There can be no comprehensive and consistently radical transformation in other spheres while the key feature of the old classical structure, the Communist Party’s power, remains.

In comparison to other post-socialist transitional states, Vietnam has liberalized relatively quickly and, in many respects, has embarked upon a reform program that has moved faster and further than other comparable state socialist economies with a large agrarian base (for example China, Cuba or Laos). Vietnam remains, of course, rural and overwhelmingly impoverished-according to the latest World Bank report (1995:7) 51 percent of the Vietnamese population is classified as poorlagging behind other Asian economies, and in a distant league from the Asian newly industrializing states.
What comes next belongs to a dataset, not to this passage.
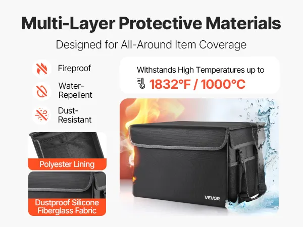 Our fireproof box is built from dustproof silicone fiberglass cloth, withstanding up to 1832℉/1000℃. From sudden fire to rainstorms or daily dust, it keeps your important files and electronics secure, offering dependable care for valuables in all conditions.

But in some quarters Vietnam is held as a case of strikingly successful socialist reform, and very possibly an Asian ‘tiger’ in the making (Riedel 1993; Economist Intelligence Unit (EIU) 1994). Indeed the Vietnamese leadership has openly acknowledged that some aspects of the South Korean and Taiwanese economies provide models for its curious blend of free markets and Leninism, a political economy described locally by the Communist Party as ‘socialist-oriented multi-sectoral economy driven by the state-regulated market mechanism,’ dubbed ‘Vietnamonomics’ by the Far Eastern Economic Review (FEER October 26, 1995, p. 7). Whether one interprets this hybrid economy, as ranking Politburo member Dao Duy Tung does, as a confirmation that Vietnam has ‘skipped capitalism’ (FEER October 26, 1995, p. 52) or more cynically that ‘the party plus capitalism equals socialism’ (Kolko 1995), is perhaps of less relevance than the fact that the model has produced tiger-like growth rates (Figure 7.1). Prime Minister Vo Van Kiet told the national assembly at the end of November 1995 that the economy had been growing at 9.5 percent (up from 8.8 percent) in 1994. This growth rate has been maintained in 1996 and 1997. Exports are expected to rise by 30 percent (up from 24 percent in 1994 and 15 percent in 1993).